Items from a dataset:
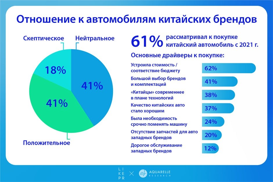 Вот и наступила следующая стадия принятия - оказывается, уже 52% россиян готовы рассматривать к покупке китайскую марку даже в случае возвращения европейских брендов. Об этом говорится в исследовании компаний Aquarelle Research и LikePR, которые провели соответствующий опрос 1000 автовладельцев в мае 2025 года. Главные выводы: ✅ 41% россиян уже положительно относятся к китайским автомобилям, ещё 41% занимают нейтральную позицию и лишь 18% остаются скептически настроенными. ✅ Основными причинами покупки "китайца" были названы доступная цена, широкий модельный ряд и технологичность. Почти половина участников отметила заметное улучшение качества материалов и электроники, а треть опрошенных говорит о повышении безопасности и ресурсе. ✅ Уже 74% готовы купить или рассматривают к покупке китайский автомобиль, причем наибольшее доверие к китайским авто проявляют молодёжь до 25 лет, а также жители мегаполисов и... Дальнего Востока (последнее утверждение настолько неожиданно, что ставит под
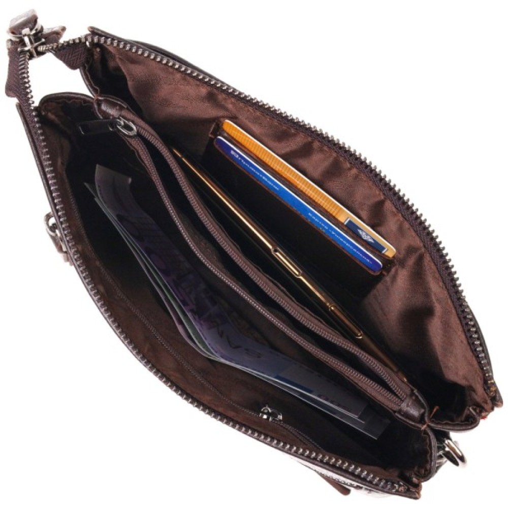Аксесуар має одне основне відділення, всередині якого дві кишені на блискавках та два осередки для кредитних карток.
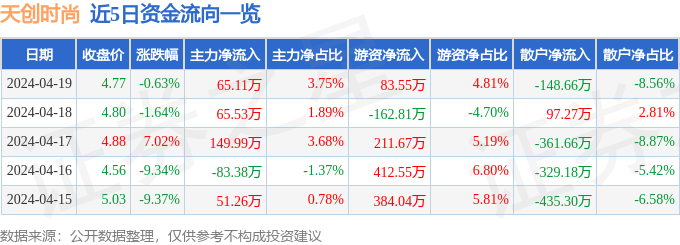 4月19日的资金流向数据方面,主力资金净流入65.11万元,占总成交额3.75%,游资资金净流入83.55万元,占总成交额4.81%,散户资金净流出148.66万元,占总成交额8.56%。
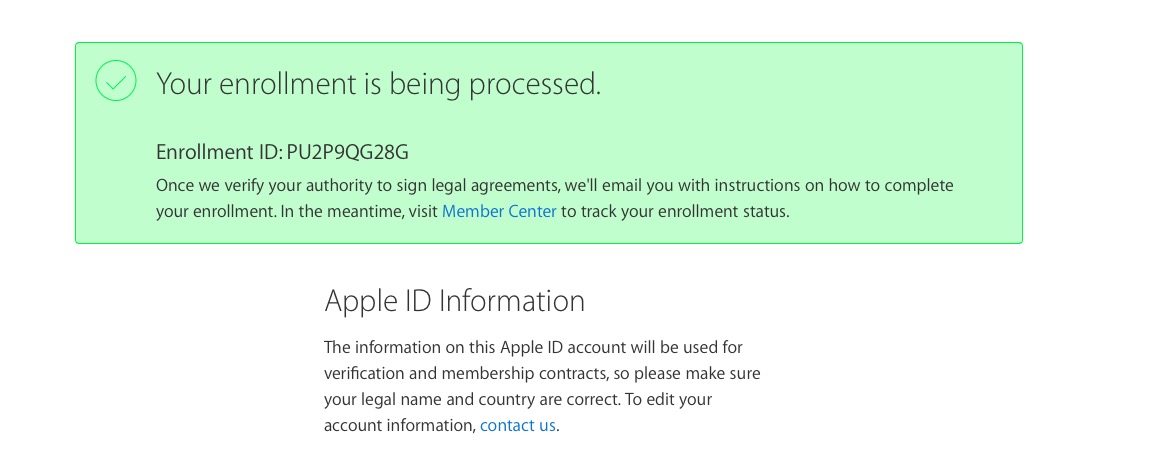 注 :填写完资料后2-3天,苹果官方会打微信给企业法人去核实资料 ,当信息核实后,苹果那边审核资料通过了,则到了填写支付的信用卡资料的流程.
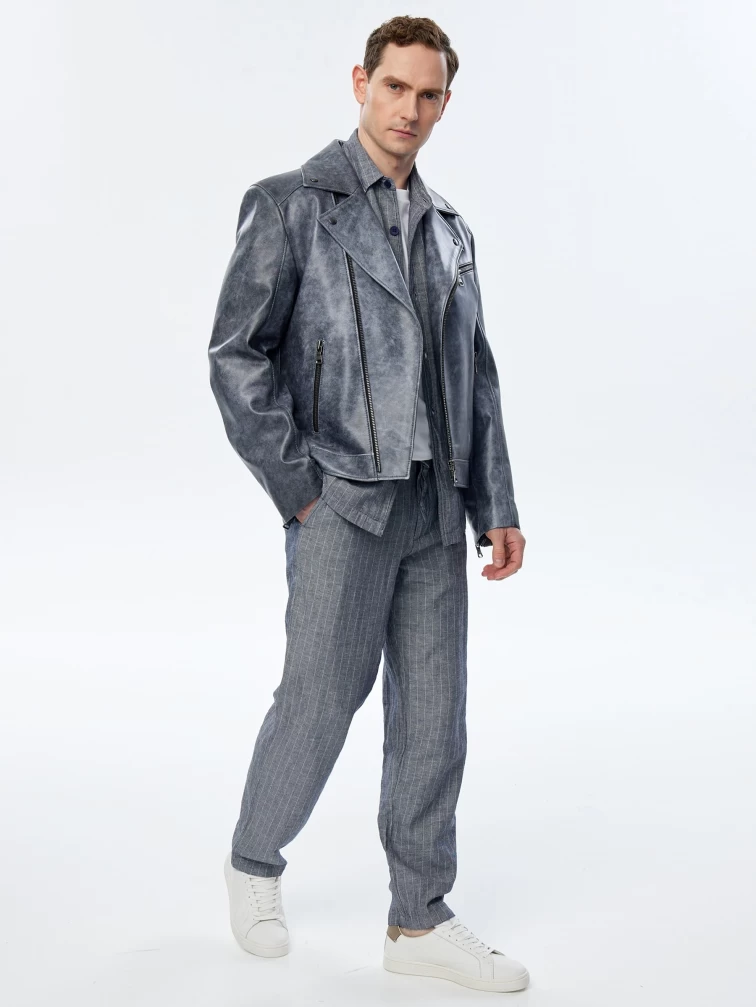 Мужская кожаная куртка косуха премиум класса 560, серая, размер 48, артикул 29670
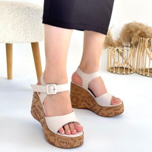 Riboy Bej Cilt Dolgu Topuk Sandalet
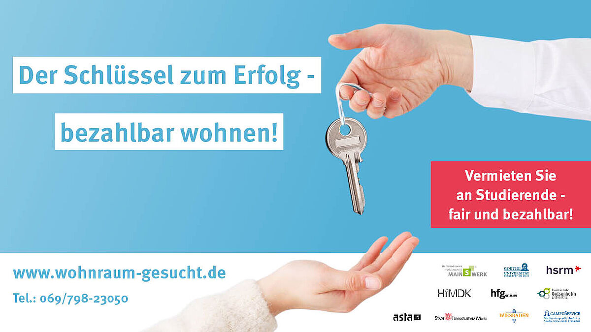 Vor diesem Hintergrund geht unsere Wohnraumkampagne auch in diesem Jahr mit einem neuen Slogan an den Start. Unter dem Motto „Der Schlüssel zum Erfolg – bezahlbar wohnen!“ rufen wir alle Bürgerinnen und Bürger im Rhein-Main-Gebiet dazu auf, privaten Wohnraum an Studierende zu vermieten – fair und zu bezahlbaren Konditionen. Die Größe des Wohnraums, die zeitliche Verfügbarkeit und die räumliche Nähe sind zweitrangig. Ein Zimmer für die ersten Wochen oder Monate am neuen Standort würde den Einstieg in einen neuen Lebensabschnitt erleichtern. Bei den wohnungssuchenden Studierenden, die gerade als Erstsemester am neuen Studienstandort starten wollen, sind alle Angebote willkommen.
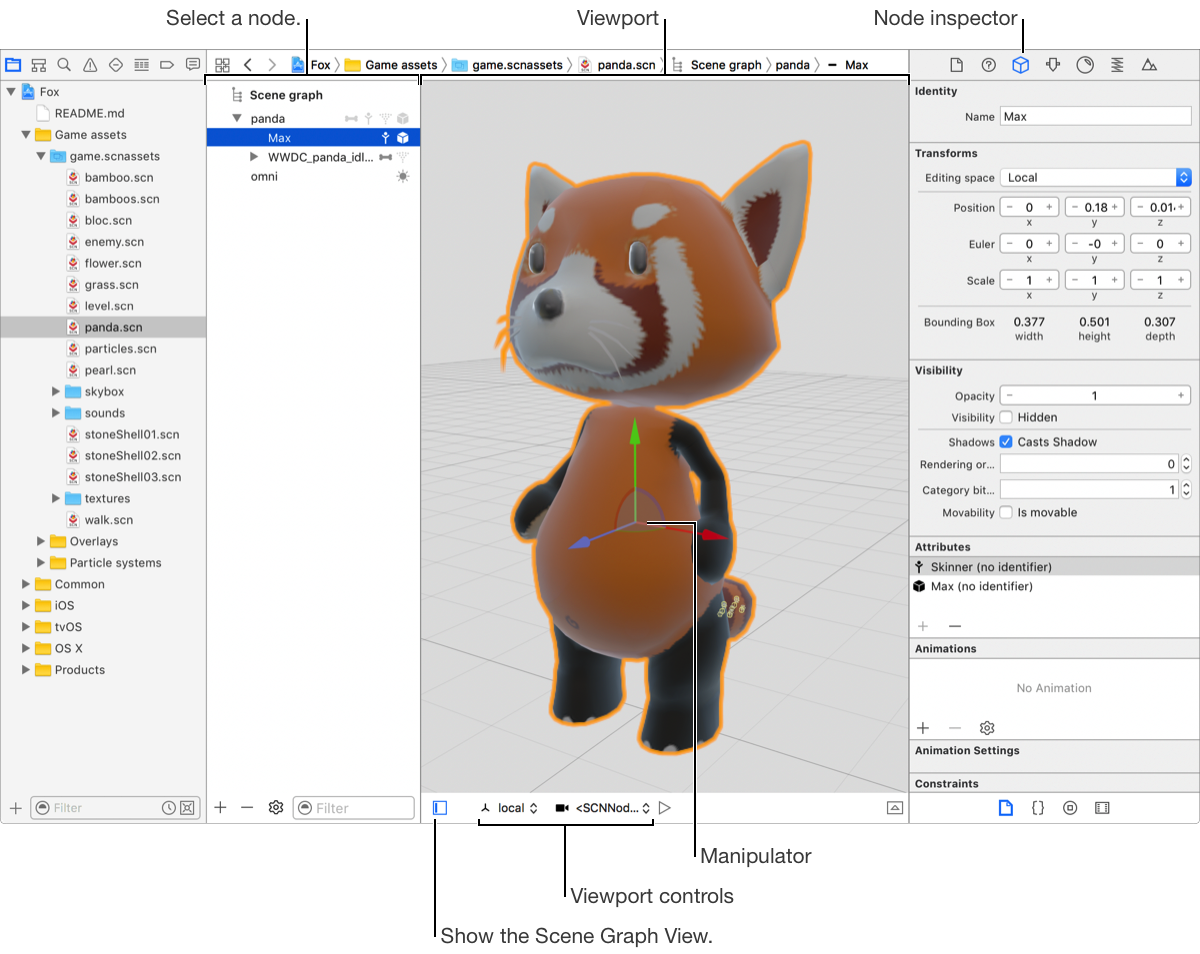 Using SceneKit scene editor, you can quickly build, edit, and preview games and interactive 3D apps. The visual interface reduces code, streamlines design, and helps you fine-tune the rendering of your apps. When you select a source file in the Project navigator, the file opens in the scene editor in the editor area.

* **Task brief**
Pictures must be left out when the records are transcribed exactly.

* **Your response**
 Вот и наступила следующая стадия принятия - оказывается, уже 52% россиян готовы рассматривать к покупке китайскую марку даже в случае возвращения европейских брендов. Об этом говорится в исследовании компаний Aquarelle Research и LikePR, которые провели соответствующий опрос 1000 автовладельцев в мае 2025 года. Главные выводы: ✅ 41% россиян уже положительно относятся к китайским автомобилям, ещё 41% занимают нейтральную позицию и лишь 18% остаются скептически настроенными. ✅ Основными причинами покупки "китайца" были названы доступная цена, широкий модельный ряд и технологичность. Почти половина участников отметила заметное улучшение качества материалов и электроники, а треть опрошенных говорит о повышении безопасности и ресурсе. ✅ Уже 74% готовы купить или рассматривают к покупке китайский автомобиль, причем наибольшее доверие к китайским авто проявляют молодёжь до 25 лет, а также жители мегаполисов и... Дальнего Востока (последнее утверждение настолько неожиданно, что ставит под
Аксесуар має одне основне відділення, всередині якого дві кишені на блискавках та два осередки для кредитних карток.
 4月19日的资金流向数据方面,主力资金净流入65.11万元,占总成交额3.75%,游资资金净流入83.55万元,占总成交额4.81%,散户资金净流出148.66万元,占总成交额8.56%。
 注 :填写完资料后2-3天,苹果官方会打微信给企业法人去核实资料 ,当信息核实后,苹果那边审核资料通过了,则到了填写支付的信用卡资料的流程.
 Мужская кожаная куртка косуха премиум класса 560, серая, размер 48, артикул 29670
 Riboy Bej Cilt Dolgu Topuk Sandalet
 Vor diesem Hintergrund geht unsere Wohnraumkampagne auch in diesem Jahr mit einem neuen Slogan an den Start. Unter dem Motto „Der Schlüssel zum Erfolg – bezahlbar wohnen!“ rufen wir alle Bürgerinnen und Bürger im Rhein-Main-Gebiet dazu auf, privaten Wohnraum an Studierende zu vermieten – fair und zu bezahlbaren Konditionen. Die Größe des Wohnraums, die zeitliche Verfügbarkeit und die räumliche Nähe sind zweitrangig. Ein Zimmer für die ersten Wochen oder Monate am neuen Standort würde den Einstieg in einen neuen Lebensabschnitt erleichtern. Bei den wohnungssuchenden Studierenden, die gerade als Erstsemester am neuen Studienstandort starten wollen, sind alle Angebote willkommen.
 Using SceneKit scene editor, you can quickly build, edit, and preview games and interactive 3D apps. The visual interface reduces code, streamlines design, and helps you fine-tune the rendering of your apps. When you select a source file in the Project navigator, the file opens in the scene editor in the editor area.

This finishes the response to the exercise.